Hamlet at the Rubicon Theatre.

The Enigma of Hamlet Lives On

Hamlet has been performed many times since Shakespeare wrote his famous tragedy in 1600. Now the Rubicon Theatre joins the ranks of companies that have produced the world’s most famous play with a stellar production directed by Jenny Sullivan, and with Joseph Fuqua as Hamlet.

Martin S. Fuentes, Brooks Institute of Photography

Joseph Fuqua turns in a masterful performance as Hamlet in the Rubicon Theatre’s current production of Shakespeare’s greatest tragedy. Hamlet is here shown with Ophelia, who is played by Alison Brie.

Instead of the original medieval historical setting, this production unfolds in an early-19th-century setting. Exquisite period costumes reflect the grandeur of the Danish royal court in the era of the Napoleonic wars. At the center of the stage, tall panels adorned with chess figures accentuate the craftiness of Claudius and the play’s theme of moral corruption. The staging of the ghost of Hamlet’s father is handled practically, with a metallic voice suggesting something modern from outer space. During his appearance, thunderous sounds fill the intimate theatre space, leaving a feeling of awe in its wake that continues throughout the production.

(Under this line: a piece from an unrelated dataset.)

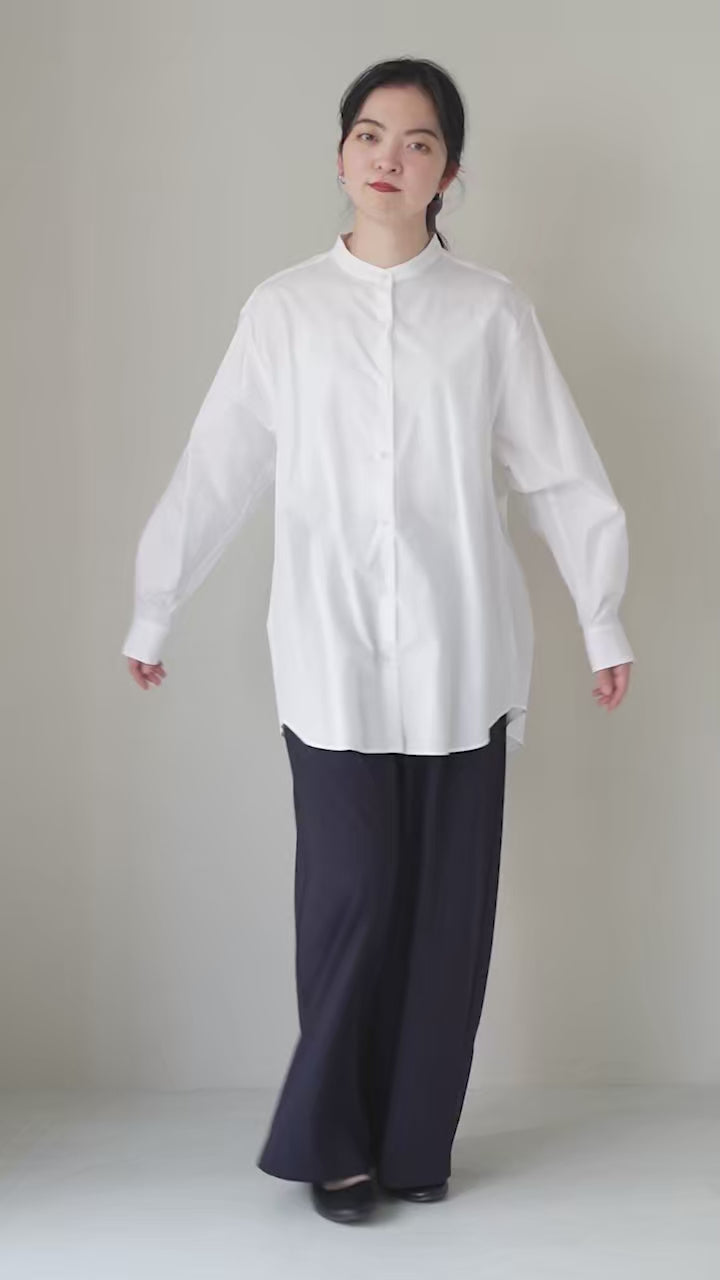 ポリエステルとレーヨンをメインに使用した生地は、手の平に吸い付くような滑らかな手触り。薄すぎず厚すぎないため、季節を問わずオールシーズン着用いただけます。
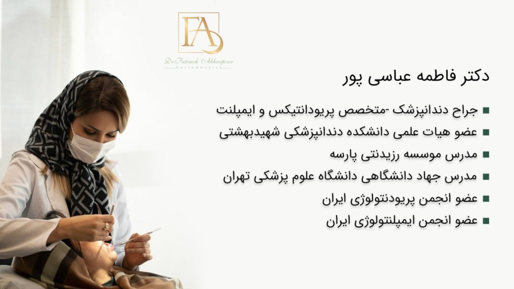 دکتر فاطمه عباسی پور “متخصص ایمپلنت های دندانی” و “دندانپزشکی زیبایی” در مطب تخصصی دندانپزشکی در ولنجک و شمال تهران با ارایه راهکارهای نوین دندانپزشکی شما را به تجربه

Joseph Fuqua is superb in the complex role of Hamlet. Initially stone-faced as a grief-stricken son, he pounces on Claudius and his mother with sarcastic puns that reveal his anger. Hamlet accuses Gertrude of being common, and he reviles his uncle Claudius, who has not only remarried his mother in haste, but has also usurped Hamlet’s right to the Danish crown. In Fuqua’s interpretation, Hamlet is a witty, absurd hero whose ability to see through false appearances and pretenses receives more emphasis than his melancholy indecision. This production’s finest scenes include Hamlet’s lucid mockeries of the sycophants Rosencrantz and Guildenstern, and the quick repartee he makes with a bewildered Polonius (Rudolph Willrich). In the nunnery scene, Hamlet rages at Ophelia (Alison Brie), who is equally lost in a vortex of lies and treachery. Brie delivers a deeply moving performance as Ophelia, an innocent girl “divided against self and her own judgment.”

The second act is a tour de force. Efrem Zimbalist Jr. plays the dignified Player King with great pathos, and Remi Sandri expresses Laertes’ hot tempered, vengeful spirit precisely. James O’Neill’s nuanced portrayal of Claudius presents a villain with a remorseful, penitent side. Leonard Kelly Young (also the Ghost) evidently cherishes the role of the gravedigger in a lighter, comedic scene. The quick pace observed in the soliloquies and dialogues ensures the audience’s complete absorption in this three-hour modern performance of a drama that continues to stir our minds and hearts now, some 400 years after its composition.